Dakwaan JPU tersebut aneh karena mens rea atau sikap batin para pembeli melakukan perbuatan pidana jelas tampak. Misalnya yang terlihat pada halaman 16 surat dakwaan WW. Di sana disebutkan, tim penjualan aset PWU yang diketuai WW telah bersepakat harga dengan pembeli sebelum adanya berita acara pembukaan surat penawaran.

Selain itu, WW dan Sam Santoso (direktur PT Sempulur Adi Mandiri, pihak pembeli) menandatangani berita acara negosiasi harga. ”Berita acara negosiasi tersebut tidak sesuai dengan sistem dan standar pelepasan aset PT PWU Jatim,” ujar JPU Trimo.
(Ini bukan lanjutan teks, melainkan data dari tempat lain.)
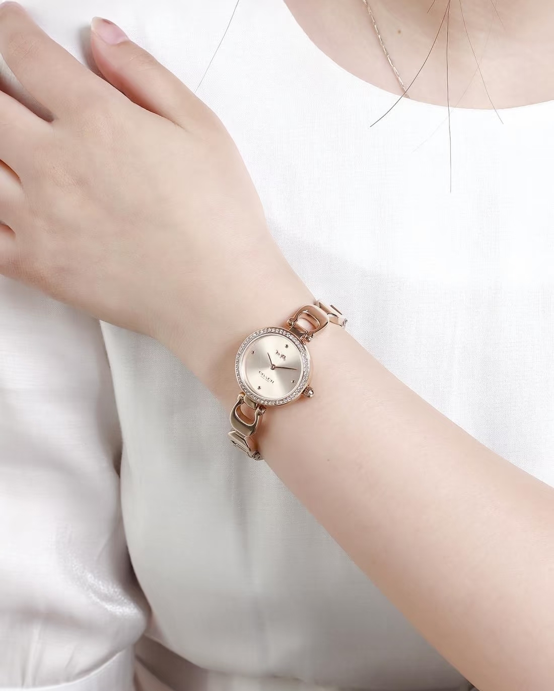 镶钻点缀: 部分款式在表圈或时标处镶嵌了人造水晶(施华洛世奇元素),360度闪耀,既“bling bling”感,又不会显得过于俗气,恰到好处地提升了贵气。

Dakwaan juga menyebutkan peran Sam dalam merekayasa peserta lelang bernama Sofian Lesmanto. ”Ternyata, penawar atas nama Ir Sofyan Lesmono (jaksa salah menulis nama dalam dakwaan, seharusnya Sofian Lesmanto, Red) hanya dimintai tanda tangan,” jelas Trimo.

Sebagaimana diberitakan sebelumnya, Sofian adalah salah seorang peserta lelang abal-abal yang dibikin WW dan Sam. Lelang palsu itu dibuat untuk melengkapi dokumen pelepasan lahan di Kediri dan Tulungagung agar terlihat sesuai prosedur. Padahal, Sam dan WW telah menyepakati harga lahan.

Nah, Sofian termasuk peserta yang mengajukan penawaran ke panitia lelang PWU Jatim. Hanya, kepada penyidik, Sofian mengaku tidak pernah merasa membuat surat penawaran tersebut. Dia hanya dimintai tolong Sam yang merupakan teman kuliah S-2 untuk ikut mengajukan surat penawaran dalam lelang PWU. Tujuannya hanya menjadi penawaran pendamping. Proses merekayasa lelang itu dibahas khusus di kantor Sam di Jalan Diponegoro, Surabaya.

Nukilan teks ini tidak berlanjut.